Besonders wenn sie unabhängig voneinander ablassbar sind. 
Ist man gezwungen einen abzulassen hat man eine hältermöglichkeit. 
Auch um später ev einen Fehler nach zu justieren... Zb fehlt es in einem Teich an Futterfisch weil sich die Zander stark vermehrt haben könnte man sich da behelfen. 
Lg


----------



## Chief Brolly (24. Januar 2021)

Nun, wenn ihr euer Gelände einzäunt, im Bodenbereich mit Kaninchen-Maschendraht, haltet ihr euch auch Schadnager wie Bisam, Nutria und auch Wildschweine von eurer Anlage fern (Achtung, auf Untergrabungsschutz achten!).

Weiter ist euer Grundstück dann eingefriedet und bei illegalem Betreten und Erwischen der betreffenden Person(en) könnt ihr Anzeigen wegen Einbruch und Hausfriedensbruch erstatten...

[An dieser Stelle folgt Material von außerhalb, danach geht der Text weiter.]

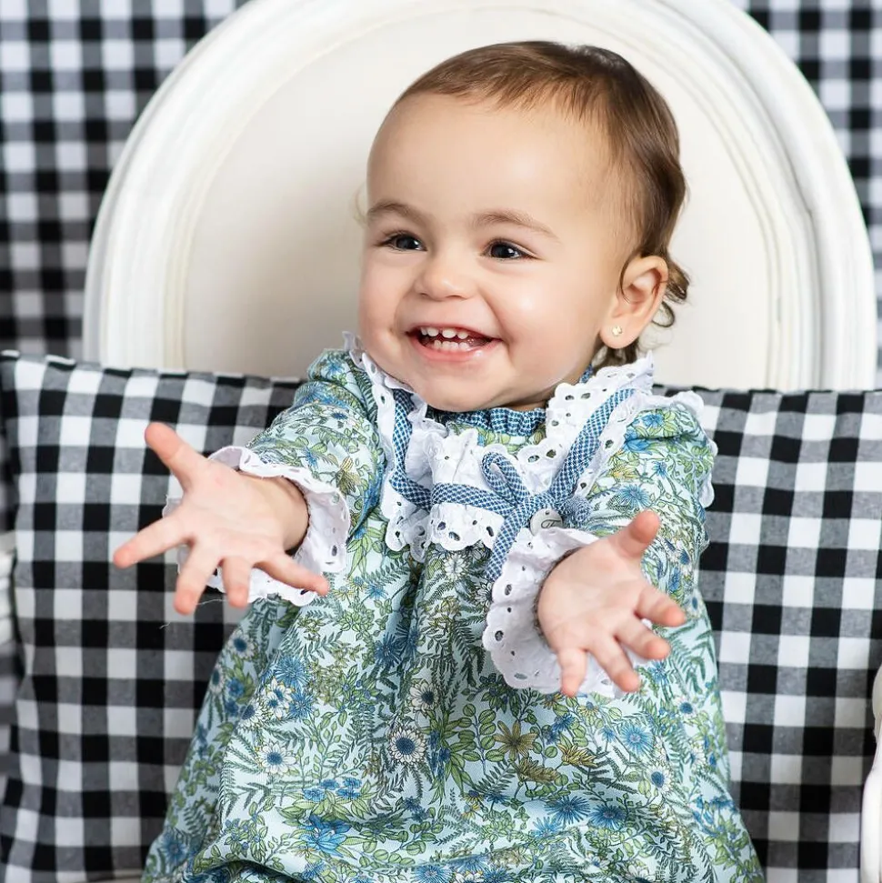 Gorgeous blue and green cotton dress for little girls by classic Spanish brand Foque, with a beautiful floral print. Made in a soft, cotton-blend twill, it has a stand-up blue gingham collar and a white lace-edged bib with a blue gingham trim and bow, embellished with a logo charm. There are matching trims on the cuffs, a voile lining for comfort and button fastenings on the back. The dress comes with useful, coordinating, blue gingham bloomers.

Gegen Fischverlust von Reihern und Cormoranen helfen bei eurer Abwesenheit eben nur über die Wasseroberfläche gespannte Netze...

Um in harten Wintern zu vermeiden, das die Fische im Eis einfrieren oder unter ihm ersticken, sollte euer Gewässer mehrere tiefe Stellen haben oder einheitlich, z. B.  3m Tiefe aufweisen.


----------



## Effes (24. Januar 2021)

Wie gesagt ist unser Ziel nicht, möglichst viel Fisch zu produzieren, sondern eine möglichst naturnahe Anlage zu erschaffen. Ich schätze natürlich sämtliche Hilfestellungen die wir bekommen, aber Netze darüber spannen hat mit natürlich dann doch recht wenig zu tun.
Auch wenn wir mal 1-2 Jahre nicht viel fangen, wäre das kein Beinbruch, darum geht’s bei dem Ganzen schlicht und ergreifend nicht.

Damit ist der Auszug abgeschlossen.